His grandmother was almost 100 years old, he said. But despite the almost 96-year age difference, she was his favourite person.
"I remember her talking to me … about the process of (basket making) and she would tell stories and legends."
Tooshkenig naturally gravitated toward basket making.
If this were to die out in my lifetime, I would be so saddened.- Burlington Tooshkenig
Now, close to Newfoundland's Conception Bay and far away from the Ontario First Nation where he grew up, he continues a tradition he fears might disappear.
"In my community of 5,000 people, there were only about five sweetgrass basket makers left that I'm aware of," he said. "If this were to die out in my lifetime, I would be so saddened. It would be such a terrible tragedy for me for something like this to die."
Apart from selling his art online, he teaches others.
His wife, Cathy Tooshkenig, said his head is filled with his art. "He doesn't use a pattern.… It's perfect, but he doesn't do it ahead of time — it's all in his head," she said. But it's not without its downside.
"(That's) why he doesn't know my schedule — he doesn't know dates and times," she said.
Roots are in Ontario
Tooshkenig grew up on the Walpole Island First Nation, a member of the Potawatomi. The community is just south of Sarnia and right on the border between Canada and America.
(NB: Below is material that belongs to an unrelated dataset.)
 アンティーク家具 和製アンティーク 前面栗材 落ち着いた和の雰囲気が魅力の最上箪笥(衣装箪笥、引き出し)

Now he finds himself in a modern subdivision in the town of Carbonear, where he and Cathy are raising their children, Judah and Sophie. Cathy's roots are in Newfoundland. She spent the first decade of her life in Miles Cove, a small community near Springdale, before her family packed up and settled in Manitoba.
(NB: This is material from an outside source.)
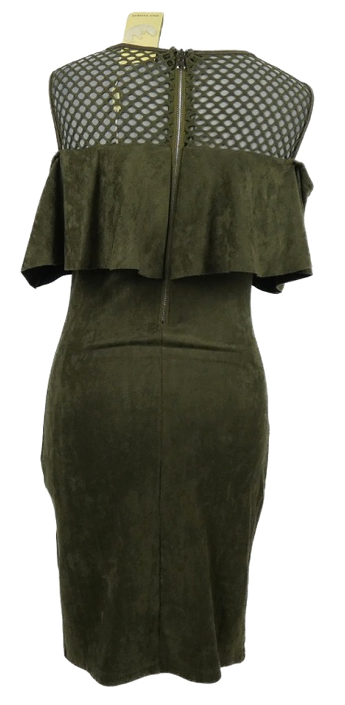 Nové - Dámske khaki semišové púzdrové šaty so síťovanými ramínky a volánikom

That's where the couple met. After she accepted a nursing position, the couple moved to Carbonear.
As a stay-at-home father, Burlington tries to keep a routine. After breakfast and an hour of reading, they make their way to the playroom, which doubles as his art studio. "I'll set up some toys … then they'll allow me to sit down for a little while."
It's a scene similar to the one he remembers but without the noisy old oil stove that would make a "tick tick tick" noise when it would turn on.
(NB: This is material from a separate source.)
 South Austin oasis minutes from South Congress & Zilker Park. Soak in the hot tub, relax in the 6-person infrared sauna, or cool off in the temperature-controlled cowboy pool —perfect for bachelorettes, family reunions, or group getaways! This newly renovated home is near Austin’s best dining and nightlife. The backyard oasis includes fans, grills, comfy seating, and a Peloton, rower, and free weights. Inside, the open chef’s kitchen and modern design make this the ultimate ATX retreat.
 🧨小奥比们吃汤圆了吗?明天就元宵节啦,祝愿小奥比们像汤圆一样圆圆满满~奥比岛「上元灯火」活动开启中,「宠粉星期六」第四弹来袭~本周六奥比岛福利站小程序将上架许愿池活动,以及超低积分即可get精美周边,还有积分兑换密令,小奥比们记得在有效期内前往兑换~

No longer close to a supply, he has to have his sweetgrass and porcupine quills — which he dyes and uses for the design — shipped in. He's currently in the process of growing his own.
The sights and sounds of foraging for it, though, are still clear in his head.
"You could hear the clothes rustling up against the weeds as you're going along."
He pauses a moment and turns his lips in a whistling position, mimicking the sound of birdsong, while still weaving thread through the grass.
"Birds. I love that," he said of the sound.
Because traditional sweetgrass basket making is now so rare, he said it's not strange to get half a million page views when he posts a picture of his art. After a tea of cedar and honey, he shows me a business plan.
The couple have their sights trained on a building in Holyrood, about 60 kilometres away, where they hope to open a café. There, they would serve Indigenous-inspired food and drinks, as well as more classic café fare.
But the building would also serve as a cultural centre and gallery of Indigenous art. The couple is currently raising funds to purchase the building.
"We've been working for a year and a half to make this dream come true. It's going to happen, no matter how long it takes," Burlington said.
Cathy is excited at the prospect of substituting her nurse's uniform for an apron. She'll be the one doing much of the baking and cooking at the café if everything falls into the right place.
She's also excited at the prospect of being able to showcase her husband's art while helping other Indigenous artists get recognition as well.
"A lot of those arts are lost and not being passed down to the next generation," she said.
Four-year-old Judah says he is more concentrated on his painting at the moment. As his father places one of his baskets in his lap, Judah spares no time in describing what it's made from.
"Wow," he said. "This is made out of sweetgrass and thread right here."